Background: Single-cell multimodal techniques have advanced the functional elucidation of disease-relevant loci identified in genome-wide association studies (GWASs). However, the functional interpretation of these variants remains challenging. It is still unclear how these variants modulate core gene-regulatory networks in specific cell types to influence eye-and brain-related diseases.
Methods: We developed a computational framework to integrate bulk and single-cell multiomic (scRNA-seq and scATAC-seq) profiles with GWAS summary statistics for identifying critical transcription factor (TF)-regulatory regulons through which genetic variants influence eight neuropsychiatric and five ocular diseases. Various genetic methods were utilized to uncover pleiotropic loci, risk genes, and key pathways for the diseases.

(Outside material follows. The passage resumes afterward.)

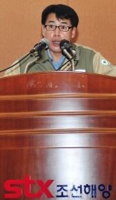 [토요경제=홍성민기자] 유정형 STX조선해양 신임 대표이사가 2일 STX조선해양 진해조선소에서 열린 취임식에서 회사의 조속한 경영정상화를 통한 자율협약 조기졸업과 이후 독자생존에 대한 강력한 의지를 피력했다.
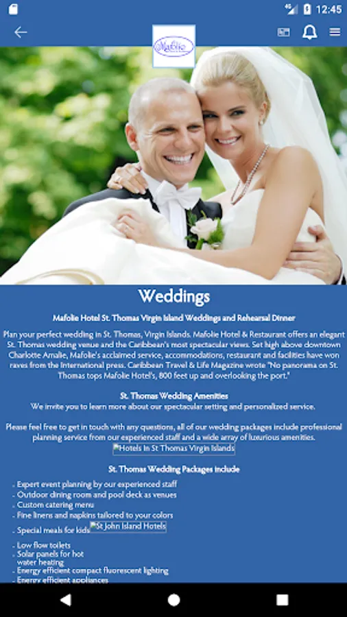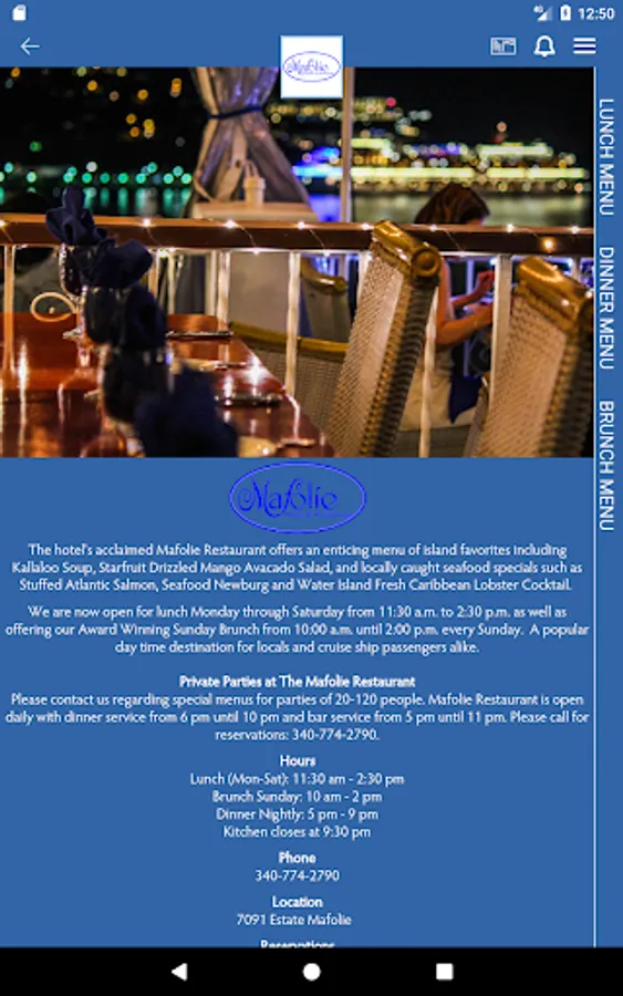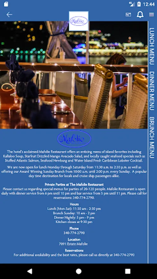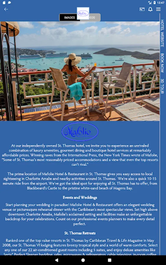 The new Mafolie Hotel & Restaurant Virtual Concierge Mobile universal mobile app showcases the Mafolie Hotel & Restaurant highlights, amenities and special deals and offerings as well as the finest local attractions and dining hotspots within the island of St. Thomas, U.S. Virgin Islands.

Results: Our analysis revealed five latent factors explaining 61.7% of genetic variances across the 13 eye and brain diseases, showing diverse correlational patterns among these conditions. We identified 45 pleiotropic loci with 91 candidate genes contributing to disease risk. Integration of the GWAS and single-cell sequencing data implicated excitatory neurons and microglia in eye-brain connections. Network-based polygenic enrichment analysis identified 15 disease-relevant pleiotropic regulons in exhibitory neurons, including BCL11A, STAT4, and GLS1, and 16 disease-relevant pleiotropic regulons in microglia, such as SPI1, FOXP2, and MEF2C. Exhibitory neuron-specific regulons were functionally involved in axon guidance and synaptic activity, while microglia-specific regulons related to immune response and cell activation.
Conclusions: Our study reinforces the genetic link between psychiatric and ocular diseases and provides biological insights into the potential regulatory mechanisms and implications for future therapeutic development.